Myślałam, że wypluję płuca. Tym razem nie z powodu rzygania, lecz biegania. Moje gałki oczne zostały oślepione przez promienie słoneczne, które przedzierały się przez chmury. Po chwili czułam mocny ucisk na nadgarstku. Ciemnowłosy pociągnął mnie w swoją stronę. Na początku spanikowałam ze względu na wdarzenie z przeszłości, gdy w ciemnej alejce Szwab chciał mnie wykorzystać. Różnica polegała na tym razem, że tym razem wiedziałam, że to był Jurek i mu ufałam.
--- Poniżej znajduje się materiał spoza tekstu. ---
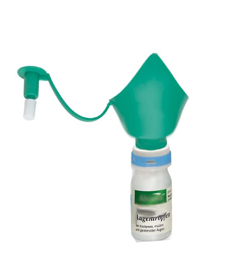 Pomôcka na uľahčenie kvapkania očných kvapiek alebo na oplach očí. Má veľký flexibilný otvoro pre vkladanie rôznych kvapkacích fľašiek. Pomôcka je umiestnená priamo nad okom bez toho, aby kvapkacia fľaša neprišla do kontaktu s okom.
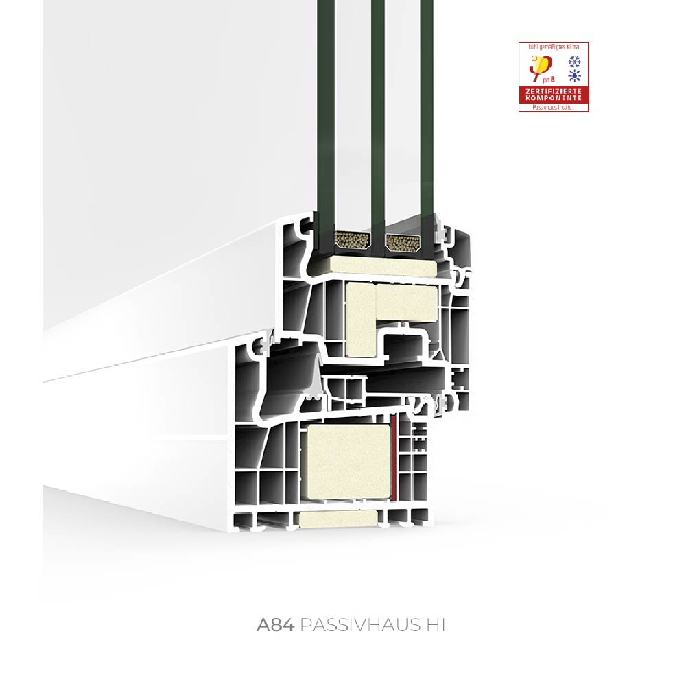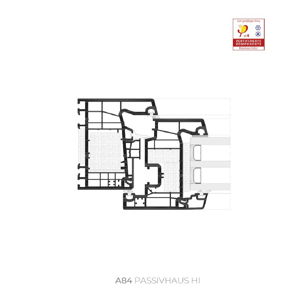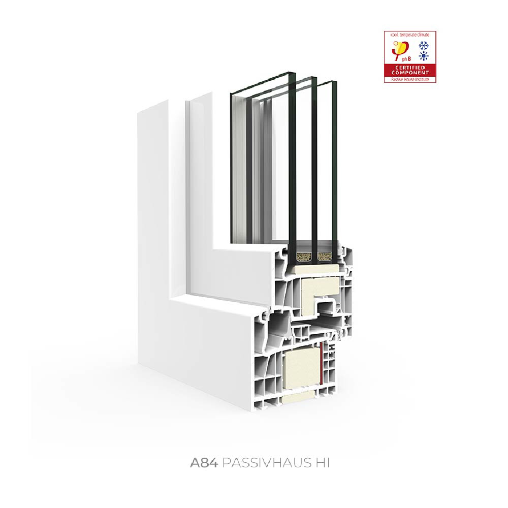 A 84 Passivhaus HI version, with Uf transmittance value of only 0.76 W / m²K, has been developed for cool-temperate category (temperate and cold weather), becoming an ideal solution for buildings with low energy consumption in the vast majority of European territory. The glass itself acts as a structural element of the window, fixed to the profile by a special adhesive tape. In this way, it is possible to improve the transmittance while maintaining the rigidity of the assembly intact.

Poleciałam w jego stronę z takim impetem, że zderzyłam się z jego klatką piersiową, a moje dłonie ułożyły się na niej jakby były jej brakującym elementem. Spojrzałam w jego ciemne oczy, w których dostrzegłam blask. Jego czoło oparło się o moje, a on sam jakby zastygł, czekając na mój dalszy ruch. Oboje mieliśmy przyśpieszone oddechy, po wcześniejszym biegu. Nieśmiało zerkałam to w jego tęczówki, to na jego usta.

Cząstka mnie go pragnęła i pokochała. Byłam rozdarta pomiędzy dwóch mężczyzn. Jeden był w Warszawie, drugi tutaj przede mną. Nie mogłam już dłużej się hamować. Pragnęłam miłości. Chciałam kochać i być kochaną, ale nie byłam jeszcze gotowa na poważne zobowiązania. Byłam młoda i chciałam zaznać miłości platonicznej, niczym w romansach, których się naczytałam.
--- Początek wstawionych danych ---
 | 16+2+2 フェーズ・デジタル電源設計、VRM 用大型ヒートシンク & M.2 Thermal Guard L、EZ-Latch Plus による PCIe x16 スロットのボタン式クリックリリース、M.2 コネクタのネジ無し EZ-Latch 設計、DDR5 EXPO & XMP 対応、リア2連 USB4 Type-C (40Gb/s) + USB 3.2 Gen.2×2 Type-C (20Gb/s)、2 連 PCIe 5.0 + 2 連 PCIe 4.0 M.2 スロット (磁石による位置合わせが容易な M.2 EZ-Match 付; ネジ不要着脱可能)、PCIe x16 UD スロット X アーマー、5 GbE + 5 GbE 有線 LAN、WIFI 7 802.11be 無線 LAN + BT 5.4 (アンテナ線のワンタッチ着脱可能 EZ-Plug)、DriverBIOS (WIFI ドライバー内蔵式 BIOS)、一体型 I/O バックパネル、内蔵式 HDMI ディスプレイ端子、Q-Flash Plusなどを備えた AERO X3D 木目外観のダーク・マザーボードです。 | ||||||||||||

Stęskniłam się za czułymi gestami, dlatego nieśmiało złożyłam na jego ustach czuły pocałunek, który on pogłębił. Rany jak on dobrze całował! Jego wargi były delikatne, niczym pąki róży, ale nie brakowało im męskości i siły, z którą napierały na moje. Nie przeszkadzało mi to, a wręcz przeciwnie podobało mi się to.

Nasze pocałunki stawały się co raz namiętniejsze. Nie obyło się oczywiście bez walki o dominację. Tacy już byliśmy- lubiliśmy z sobą rywalizować. Jurek swoimi silnymi ramionami objął mnie w talii, a następnie zaczął gdzieś prowadzić. Nie zaprzestawał naszych pocałunków, wręcz co raz bardziej je rozkręcał. Szłam tam, gdzie mnie prowadził. Weszliśmy do jakiejś jaskini. W Tatrach było ich mnóstwo. Póki jeszcze nie zaszło słońce było w niej nawet jasno.

Byłam tak zaferowana i podniecona całą sytuacją, że nie zauważyłam jak usiadł na jakimś skalnym podeście, sadzając mnie na swoich kolanach. Zszedł pocałunkami na moją szyję. Odchyliłam głowę na bok, aby ją bardziej wyeksponować i w pełni oddać się pieszczocie. Jego subtelne palce zsunęły mój płaszcz. Nie zrzucił go na ziemię, lecz ulokował na moich ramionach. Och, ta jego troska żebym nie zachorowała. Zachowuje się względem mnie jak taki nadopiekuńczy ojciec.

Daddy..

Stop tego nie było.

Musiał też oczywiście zostawić mi prezent w postaci malinki. Wbił się ustami w moją szyję jak wampir. Musiał zostawić po sobie jakiś znak, bo w końcu nie każdy ma ten zaszczyt być tak blisko z Marceliną Kochanowską. Niech chłopak poczuje się wyjątkowo.

Nie pozostałam mu dłużna i ściągnęłam jego płaszcz. Tym gestem rozpoczęłam bitwę, kto pierwszy ściągnie więcej ubrań. Ostatecznie nie rozbieraliśmy się do końca. Zachowaliśmy jeszcze resztki rozsądku, aby nie zamarznąć. Oboje skończyliśmy bez górnych części ubioru no i Jurek miał do połowy ściągnięte spodnie. Jego pocałunki zdawały się stawać tak gorące, jakby wypalały ślady na moim ciele. Ciemnowłosy obchodził się ze mną z wielkim szacunkiem. Czekał na pozwolenie na każdy gest, pytał się czy wszystko w porządku, a przy tym powtarzał, że jeśli chce skończyć to mam powiedzieć.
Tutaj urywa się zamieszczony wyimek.